0. Foundation: Goals, Contracts, and Users
-
Define platform goals
- Write 3-5 bullet points for what the platform must enable (e.g. “fast provisioning”, “reliable GPU workloads”).
- Define initial SLOs for the platform itself (e.g. “VM provision succeeds within 15 minutes 99% of the time”).
-
Define platform customers
- List main user types: backend devs, ML engineers, data engineers, etc.
- For each, write 3 typical tasks (e.g. “deploy a new microservice”, “run a 3-day GPU training job”).
-
Write a one-page Platform Contract
- What the platform guarantees (uptime, basic security, monitoring defaults).
- What product teams must do (health checks, logging, deployment pattern, secrets usage).
- Store this in version control and share it.
1. Metal Layer Checklist (Racks → MAAS → Images)

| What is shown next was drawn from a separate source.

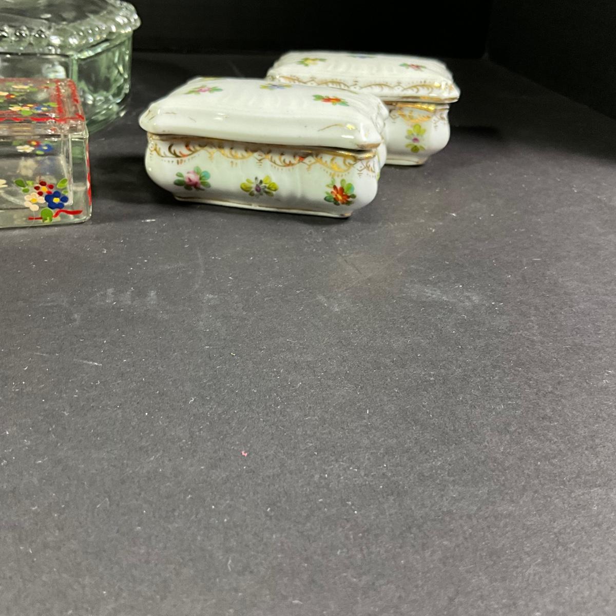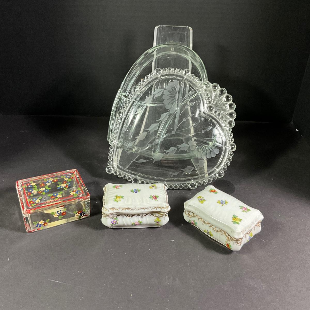 1114 Antique Pressed Glass Heart Dish and Fairing Boxes with Match Striker

1.1 Hardware & Physical Layout
-
Inventory physical assets
- List all servers with: CPU, RAM, disk(s), NICs, GPU(s) where applicable.
- Identify roles:
compute,gpu,storage,infra,control-plane.
-
Define physical topology
- Map which racks and switches each server connects to.

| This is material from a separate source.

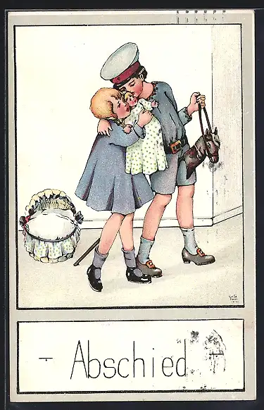 AK Junge in Uniform verabschiedet sich von seinem Mädchen

- Document power feeds and any redundancy (A/B feeds, UPS, etc).
1.2 MAAS / Bare-Metal Provisioning
-
Design MAAS/Ironic architecture
- Decide MAAS region(s) and rack controllers per site.
- Decide where MAAS database/API lives and how it's backed up.
- Define access rules to MAAS (who can log in, via what SSO/LDAP/etc).
-
Standardize provisioning pipeline
- Confirm single flow: power on → PXE → MAAS → Preseed/cloud-init → config management.
- Remove or document every deviation / legacy path.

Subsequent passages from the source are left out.